# Charles Spurgeon Quote



## ronpasley (Oct 25, 2010)

You cannot make a sinner into a saint by killing him. He who does not live as a saint here will never live as a saint hereafter. 
Charles Spurgeon


----------



## Ronnie T (Oct 26, 2010)

LOL.

There's a good common sense thought, but some are gonna disagree.


----------



## apoint (Oct 26, 2010)

I would agree with that 100%.
 What about people that never heard the Word to make the choice?
 Iv heard stories of people being given a chance to choose even after death. Then coming back from the dead to tell their story.
  If you never heard, there may be a chance?
 But for the majority of us have heard to make a choice, so the statment stands true. God is justice for all.


----------



## ronpasley (Oct 26, 2010)

Ronnie T said:


> LOL.
> 
> There's a good common sense thought, but some are gonna disagree.

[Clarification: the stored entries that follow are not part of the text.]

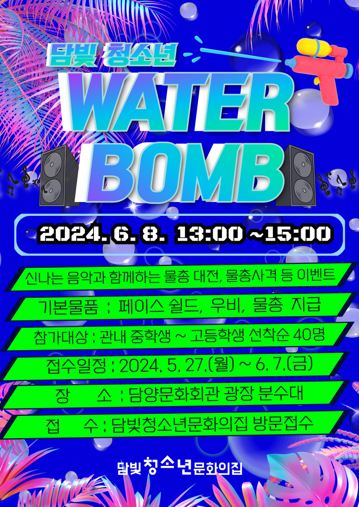 담양군 담빛청소년문화의집은 6월 8일 담양문화회관 광장 분수대에서 담빛 청소년 워터밤 행사를 개최한다고 밝혔다.
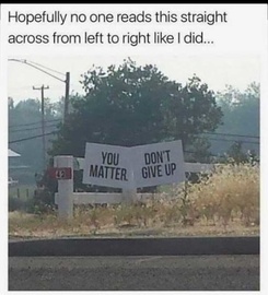 And read in reverse it could be. "Don't you give up, matter."
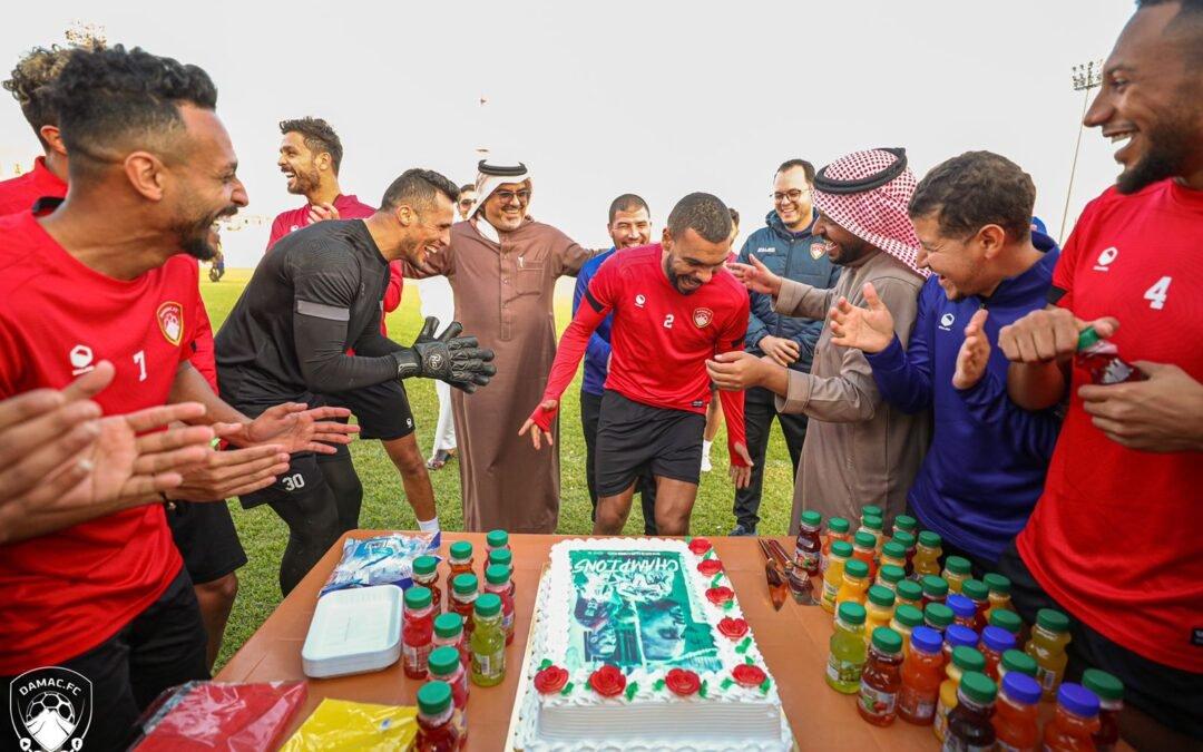 ونُظّم الحفل على هامش تدريبات فريق ضمك السعودي، الثلاثاء.
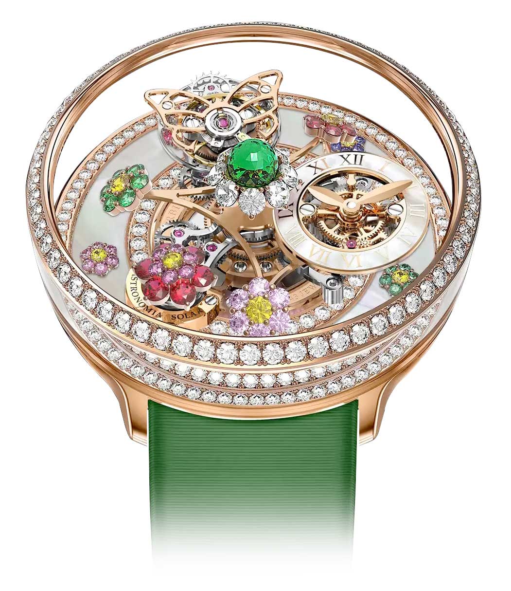 Flowers are an essential part of the high jewelry repertoire. Jacob & Co. decided to add horological roots to this classic and created Fleurs de Jardin (French for Garden Flowers). Over 30 years of experience in the highest spheres of gemology allowed the crafting of petals out of gems using the signature kite-cut.

I thought it was a good quote I know some would not agree but they can take that up with Charles Spurgeon


----------



## apoint (Oct 26, 2010)

ronpasley said:


> I thought it was a good quote I know some would not agree but they can take that up with Charles Spurgeon



That is a good Quote. I thought Chuck was dead


----------



## ronpasley (Oct 26, 2010)

apoint said:


> I thought Chuck was dead




He is.


----------



## apoint (Oct 26, 2010)

Its a great quote, makes ya think about getting right before its too late.


----------



## ronpasley (Oct 26, 2010)

A lot of people feel like they got it right, but do they really have it right.


----------



## Israel (Oct 26, 2010)

Fortunately Jesus killed for us, what we could never do ourselves.
In the only one who never had anything to pay for, he paid for all.


----------



## Ronnie T (Oct 26, 2010)

apoint said:


> Its a great quote, makes ya think about getting right before its too late.

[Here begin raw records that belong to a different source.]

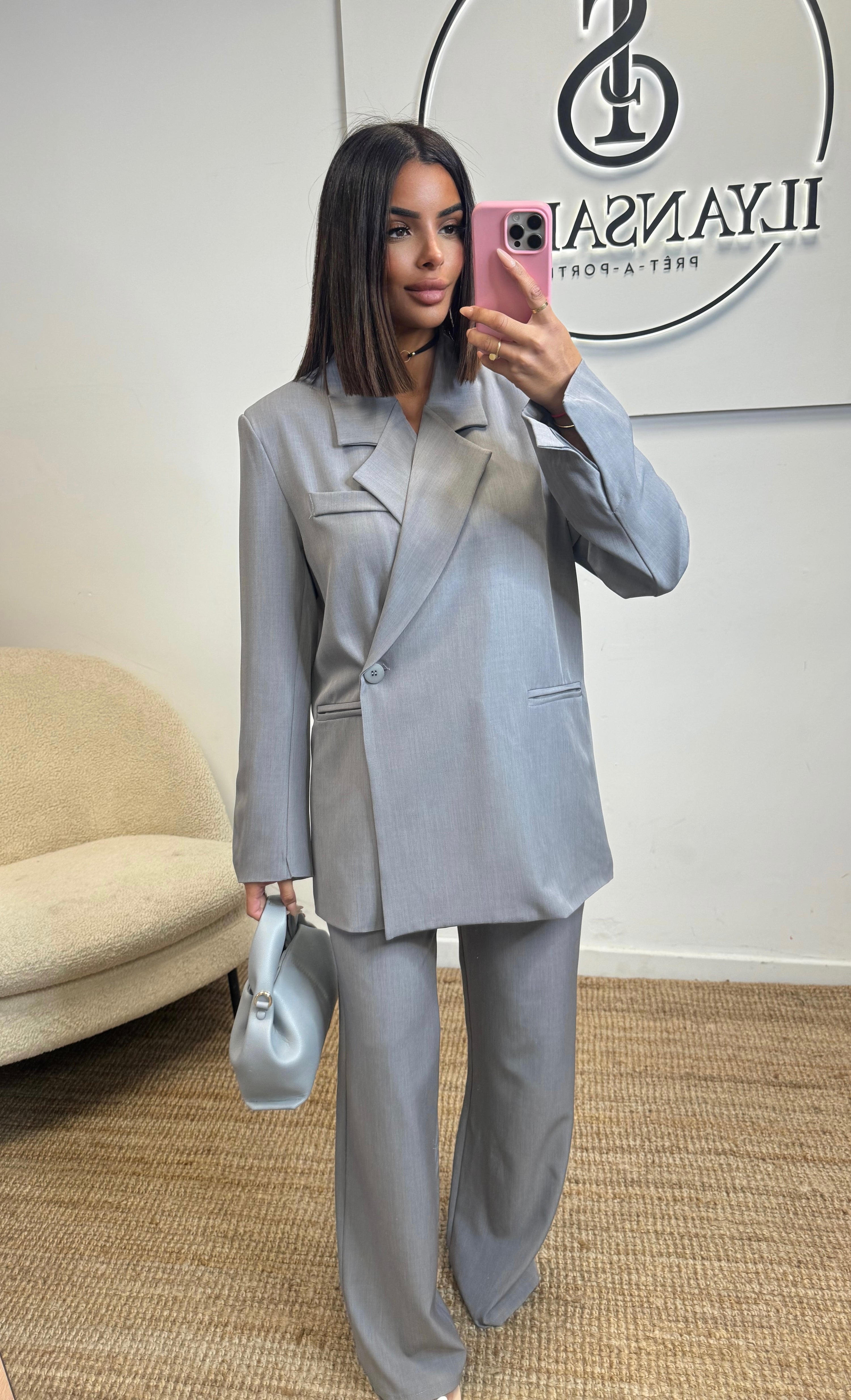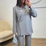 Cet ensemble Dora gris en polyester et élasthanne à taille unique offre un look chic et confortable. Le blazer et le pantalon assortis ajoutent une touche de sophistication à toute tenue. Avec une composition de 95% polyester et 5% élasthanne, cet ensemble est à la fois élégant et extensible pour une coupe parfaite.
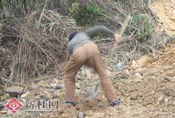 这一情况被反馈给负责管辖这一带的南宁市兴宁公安分局腰塘派出所。干警随即前往现场查看,从外观上看,深埋鸡爪的地方的确有翻挖过的痕迹,而且原来在附近的两个大土包不见了。由于地下深埋的东西涉嫌疫情,派出所在安排人员看守现场后,将情况反映给检验检疫部门。
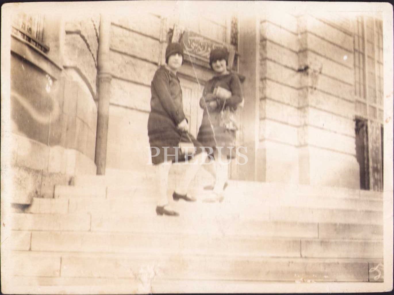 Osmanlıca .... veznesi yazılı tabele önünde hatıra fotoğrafı, alt kenarında yırtık var, 11,5x9,5cm
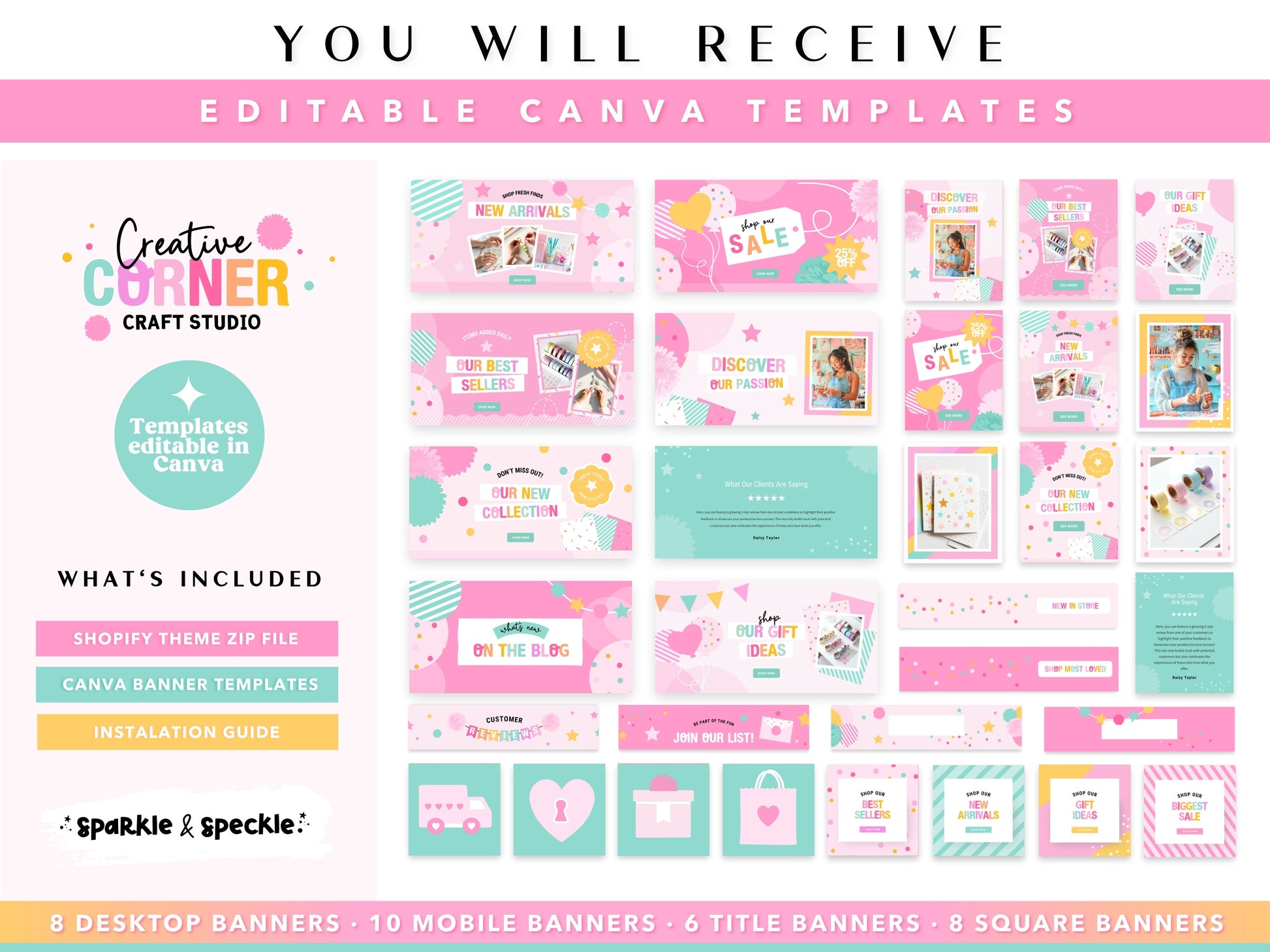 Create a bright, colorful, and professional online Shopify store quickly with the Party Shopify Theme — designed for party supplies sellers, balloon shops, decorations stores, craft businesses, and party planners. No coding or design experience needed. With easy-to-follow instructions and editable Canva banners, you can launch your ecommerce store fast and start selling with confidence.

Even more importantly, for me at least, it's God's Word standing atop the highest mountain screaming to this moody world we live in.

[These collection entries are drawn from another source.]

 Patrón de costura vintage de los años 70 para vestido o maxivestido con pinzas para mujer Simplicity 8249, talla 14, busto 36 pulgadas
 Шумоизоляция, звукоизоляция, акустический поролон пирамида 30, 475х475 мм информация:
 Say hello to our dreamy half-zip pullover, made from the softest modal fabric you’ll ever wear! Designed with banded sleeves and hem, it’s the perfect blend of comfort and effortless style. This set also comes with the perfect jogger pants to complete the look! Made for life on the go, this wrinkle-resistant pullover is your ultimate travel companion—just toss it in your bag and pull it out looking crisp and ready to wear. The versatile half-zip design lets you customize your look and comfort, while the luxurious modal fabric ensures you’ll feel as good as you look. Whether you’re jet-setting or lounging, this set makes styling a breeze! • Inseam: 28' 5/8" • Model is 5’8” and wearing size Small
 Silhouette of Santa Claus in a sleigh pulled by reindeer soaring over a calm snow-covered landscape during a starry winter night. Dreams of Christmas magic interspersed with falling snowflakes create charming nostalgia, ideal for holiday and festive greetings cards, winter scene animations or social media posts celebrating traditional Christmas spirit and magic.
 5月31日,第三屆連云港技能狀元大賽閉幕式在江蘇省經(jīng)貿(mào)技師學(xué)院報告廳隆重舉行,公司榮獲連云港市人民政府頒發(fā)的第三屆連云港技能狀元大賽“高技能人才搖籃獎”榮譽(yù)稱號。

And God's Word is screaming:  "It's a covenant ladies and gentlemen, it's a covenant.  It ain't all Me!  I have expectations.  It involves you."

And I accept that........ along with His mercy and grace.


----------



## apoint (Oct 26, 2010)

Ronnie T said:


> Even more importantly, for me at least, it's God's Word standing atop the highest mountain screaming to this moody world we live in.
> 
> And God's Word is screaming:  "It's a covenant ladies and gentlemen, it's a covenant.  It ain't all Me!  I have expectations.  It involves you."
> 
> And I accept that........ along with His mercy and grace.



Yep, a relationship with your Father that knows best. Thats a wonderful thing to have a loving Father to direct us from the pit falls.


----------